*** Opening EXERCISE DATA ***

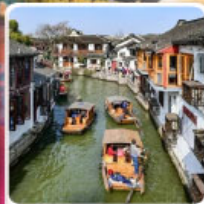
หมู่บ้านโบราณจูเจียวเจียว
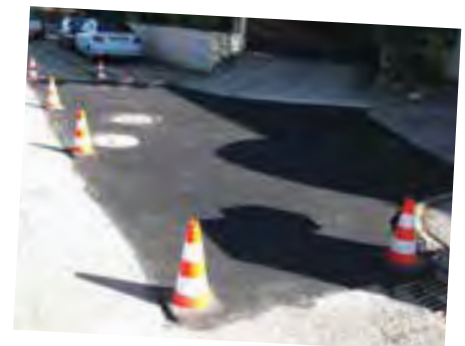
Reprise de voiries communales aux abords des entrées d'habitations au Sarret, à Malmont et rue de Riopaille
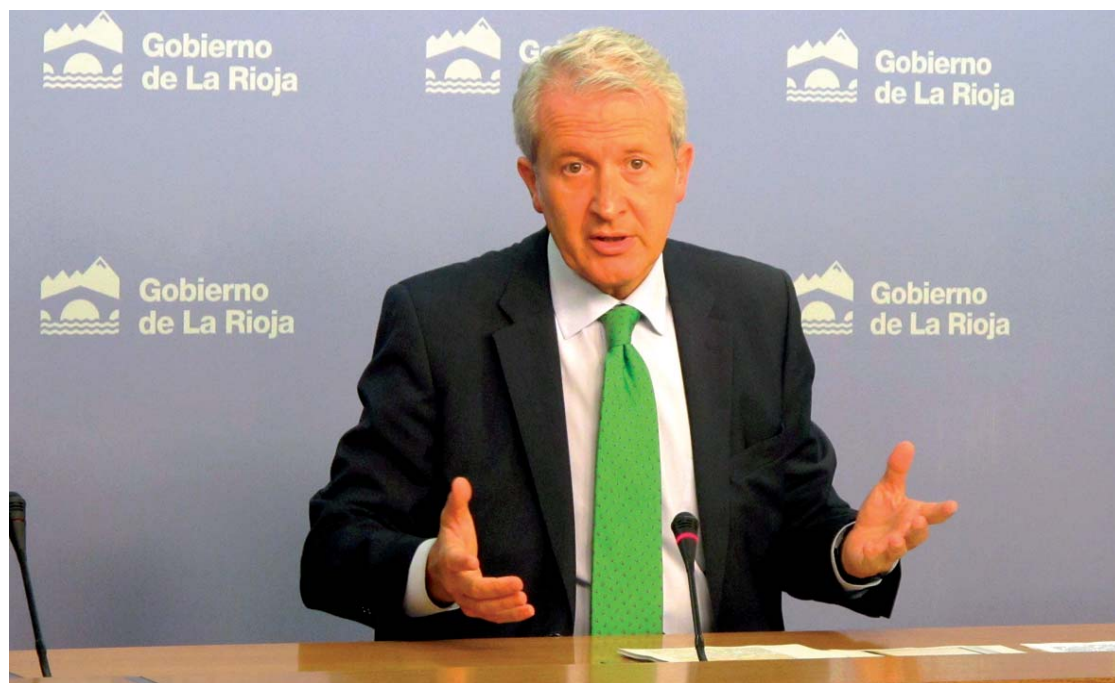
Emilio del Río, consejero de Presidencia y Justicia, en rueda de prensa.

Estas becas se enmarcan en el Plan de Capacitación Integral en Internacionalización puesto en marcha por la Agencia de Desarrollo Económico de La Rioja (ADER) para ayudar a las empresas riojanas a exportar. Además, cuentan con la cofinanciación del Fondo Social Europeo.
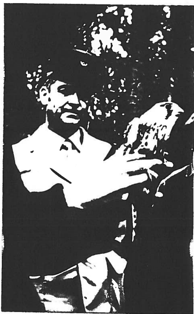
Le Faucon blessé

Le Faucon blessé fut rapidement ramené sur Amiens où la radiographie décéla une fracture du cubitus (nettement visible sur le cliché ci-dessus). Il fut ensuite soigné pendant 9 mois avec d'autres rapaces recueillis blessés par le GEPOP.
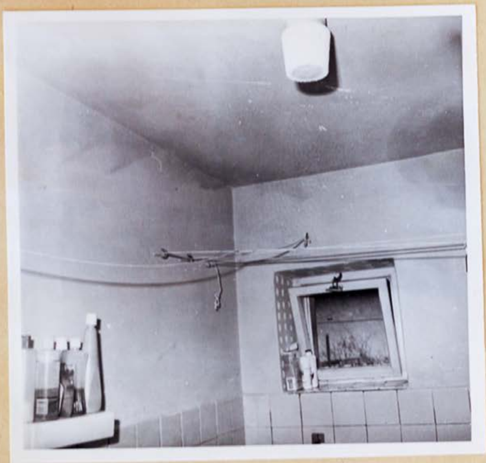
5.a/ Pohľad na šnúry na prádlo v kúpe lni
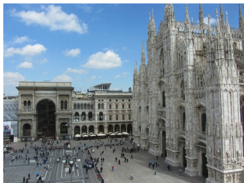
Рис. 2. Милан: собор Дуомо и опера Ла-Скала

Так же формируются и другие общественные пространства, такие как пассаж. Пассажи можно рассматривать, как типы торговых предприятий, которые связываются в элементы крупных торговых и развлекательных комплексов. Важным композиционным элементом пассажа является точка перехода из одной пространственной среды в другую: из внутреннего закрытого двора или атриума в торговый пассаж. Благодаря прозрачным перекрытиям пассаж можно отнести к многосветному пространству с постоянно меняющимся освещением, что меняет и оживляют среду. Внутреннее пространство пассажа представляет собой сложную структуру, которая не может рассматриваться как самостоятельный объект, но является единой частью городской среды, представляющей собой единый ансамбль [3]. Примером является достопримечательность Милана – собор Дуомо и опера Ла-Скала (рис. 2), которые соединяет известная галерея Виктора Эммануила 2 (рис. 3).
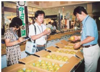
▲糖度を測る県農林振興センターの人たち
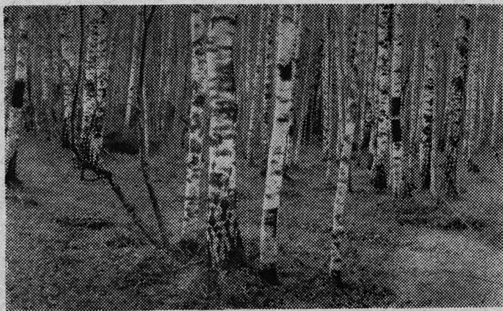
В ОЖИДАНИИ ЛЕТА.
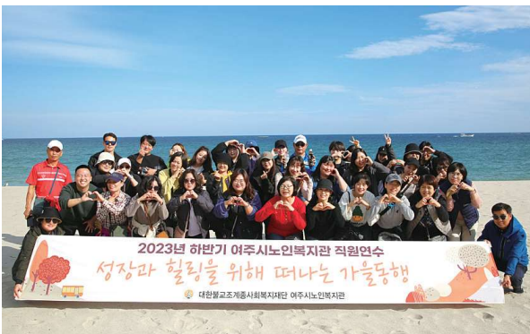
2023년 하반기 직원연수 (11.2~11.3)
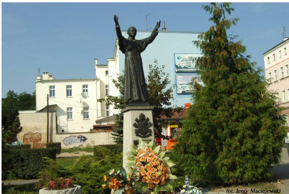
Pomnik św. Jana Pawła II na pętli tramwajowej w Leśnicy

dochodzimy do ul. Alojzego Majchra, mijamy dwa wysokie wieżowce, drogą prowadzącą koroną wału przeciwpowodziowego wzdłuż Bystrzycy dochodzimy do pętli tramwajowej w Leśnicy.
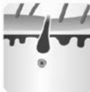
Fase de reposo - catágena

La depiladora IPL ofrece una depilación segura y duradera en la privacidad y comodidad de su hogar.
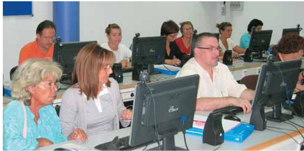
El Servei d'Ocupació aposta per la formació.

El Servei d'Ocupació posa a l'abast de la ciutadania un conjunt de recursos per a la inserció laboral
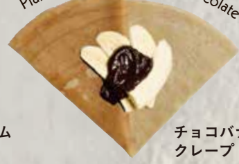
3 Plain crepe with banana chocolate
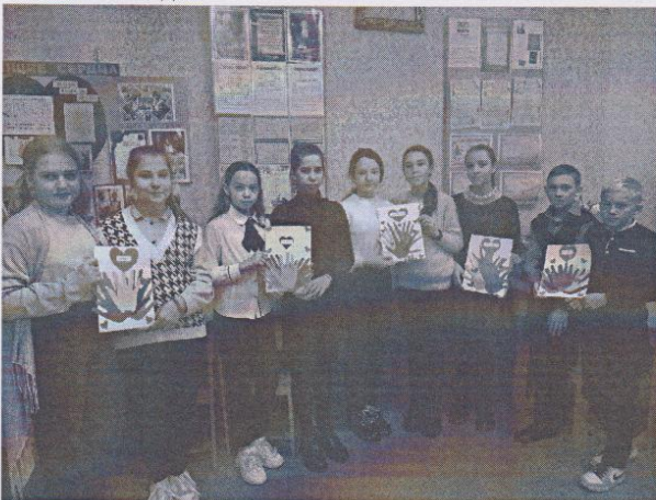
Рисунок 6. Обучающиеся МБОУ «Ютановская СОШ» подготовили подарки, выполненные своими руками, пожилым людям.

Методист, педагог дополнительного образования МБУ ДО ЦДТ «Ассоль», ответственный за блок
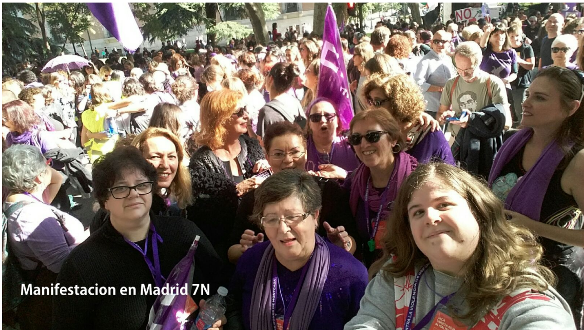
Manifestacion en Madrid 7N

Col·lectiu de dones feministes de Montcada
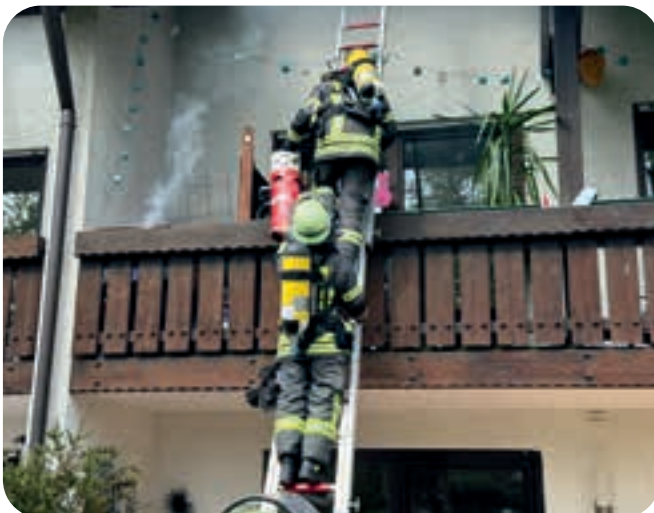
11.04.2024: Mit Steckleitern kletterten zwei Feuerwehrleute auf einen Balkon. Dort rauchte es aus einem Blumenkübel.

Bereits eine Woche später fuhren 51 Ottobrunner zu einem Wohnhausbrand in der Neubiberger Waldstraße. Am Abend des 12.09.2024 standen mehrere Räume im Erdgeschoss in Brand, das Feuer breitete sich auf das Dachgeschoss aus. Zwei Bewohner konnten sich selber in Sicherheit bringen, gaben aber an, dass noch eine Person vermisst wird. So suchten die Feuerwehren aus Neubiberg, Ottobrunn und Putzbrunn unter Atemschutz nach ihr im brennenden Gebäude, bis die Polizei
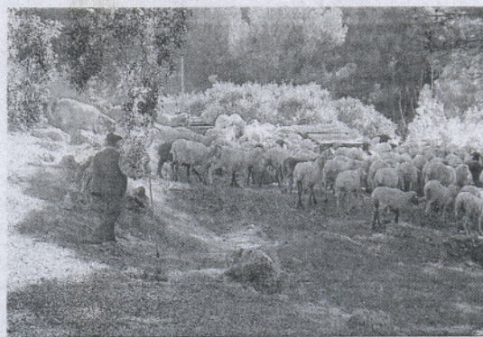
Un pastor, en una de las fincas donde se realizan las labores de pastoreo.

*** Closing EXERCISE DATA ***

TASK GOAL ▸ Print every record exactly without the images.

FINISHED TASK ▸
หมู่บ้านโบราณจูเจียวเจียว
Reprise de voiries communales aux abords des entrées d'habitations au Sarret, à Malmont et rue de Riopaille
Emilio del Río, consejero de Presidencia y Justicia, en rueda de prensa.

Estas becas se enmarcan en el Plan de Capacitación Integral en Internacionalización puesto en marcha por la Agencia de Desarrollo Económico de La Rioja (ADER) para ayudar a las empresas riojanas a exportar. Además, cuentan con la cofinanciación del Fondo Social Europeo.
Le Faucon blessé

Le Faucon blessé fut rapidement ramené sur Amiens où la radiographie décéla une fracture du cubitus (nettement visible sur le cliché ci-dessus). Il fut ensuite soigné pendant 9 mois avec d'autres rapaces recueillis blessés par le GEPOP.
5.a/ Pohľad na šnúry na prádlo v kúpe lni
Рис. 2. Милан: собор Дуомо и опера Ла-Скала

Так же формируются и другие общественные пространства, такие как пассаж. Пассажи можно рассматривать, как типы торговых предприятий, которые связываются в элементы крупных торговых и развлекательных комплексов. Важным композиционным элементом пассажа является точка перехода из одной пространственной среды в другую: из внутреннего закрытого двора или атриума в торговый пассаж. Благодаря прозрачным перекрытиям пассаж можно отнести к многосветному пространству с постоянно меняющимся освещением, что меняет и оживляют среду. Внутреннее пространство пассажа представляет собой сложную структуру, которая не может рассматриваться как самостоятельный объект, но является единой частью городской среды, представляющей собой единый ансамбль [3]. Примером является достопримечательность Милана – собор Дуомо и опера Ла-Скала (рис. 2), которые соединяет известная галерея Виктора Эммануила 2 (рис. 3).
▲糖度を測る県農林振興センターの人たち
В ОЖИДАНИИ ЛЕТА.
2023년 하반기 직원연수 (11.2~11.3)
Pomnik św. Jana Pawła II na pętli tramwajowej w Leśnicy

dochodzimy do ul. Alojzego Majchra, mijamy dwa wysokie wieżowce, drogą prowadzącą koroną wału przeciwpowodziowego wzdłuż Bystrzycy dochodzimy do pętli tramwajowej w Leśnicy.
Fase de reposo - catágena

La depiladora IPL ofrece una depilación segura y duradera en la privacidad y comodidad de su hogar.
El Servei d'Ocupació aposta per la formació.

El Servei d'Ocupació posa a l'abast de la ciutadania un conjunt de recursos per a la inserció laboral
3 Plain crepe with banana chocolate
Рисунок 6. Обучающиеся МБОУ «Ютановская СОШ» подготовили подарки, выполненные своими руками, пожилым людям.

Методист, педагог дополнительного образования МБУ ДО ЦДТ «Ассоль», ответственный за блок
Manifestacion en Madrid 7N

Col·lectiu de dones feministes de Montcada
11.04.2024: Mit Steckleitern kletterten zwei Feuerwehrleute auf einen Balkon. Dort rauchte es aus einem Blumenkübel.

Bereits eine Woche später fuhren 51 Ottobrunner zu einem Wohnhausbrand in der Neubiberger Waldstraße. Am Abend des 12.09.2024 standen mehrere Räume im Erdgeschoss in Brand, das Feuer breitete sich auf das Dachgeschoss aus. Zwei Bewohner konnten sich selber in Sicherheit bringen, gaben aber an, dass noch eine Person vermisst wird. So suchten die Feuerwehren aus Neubiberg, Ottobrunn und Putzbrunn unter Atemschutz nach ihr im brennenden Gebäude, bis die Polizei
Un pastor, en una de las fincas donde se realizan las labores de pastoreo.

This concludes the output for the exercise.